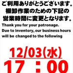 11月16日の営業時間変更のお知らせ...
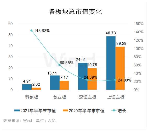 新股上市疊加行情上漲,各板塊總市值都大幅上漲,截至6月30日收盤,創(chuàng)業(yè)板總市值為13.11萬億元,較2020年6月30日總市值8.17萬億元上升4.94萬億,市值增長60.55%,位于增長榜第二位,僅次于科創(chuàng)板。
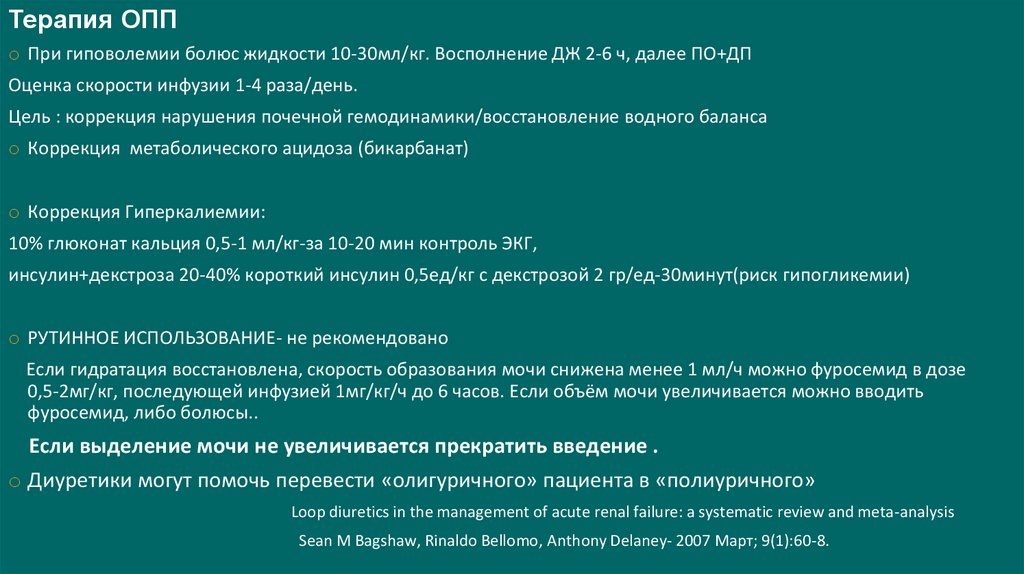 o Диуретики могут помочь перевести «олигуричного» пациента в «полиуричного»

WHAT TO DO: Everything in the data must be printed verbatim except the pictures.

REPLY:
 11月16日の営業時間変更のお知らせ...
 新股上市疊加行情上漲,各板塊總市值都大幅上漲,截至6月30日收盤,創(chuàng)業(yè)板總市值為13.11萬億元,較2020年6月30日總市值8.17萬億元上升4.94萬億,市值增長60.55%,位于增長榜第二位,僅次于科創(chuàng)板。
 o Диуретики могут помочь перевести «олигуричного» пациента в «полиуричного»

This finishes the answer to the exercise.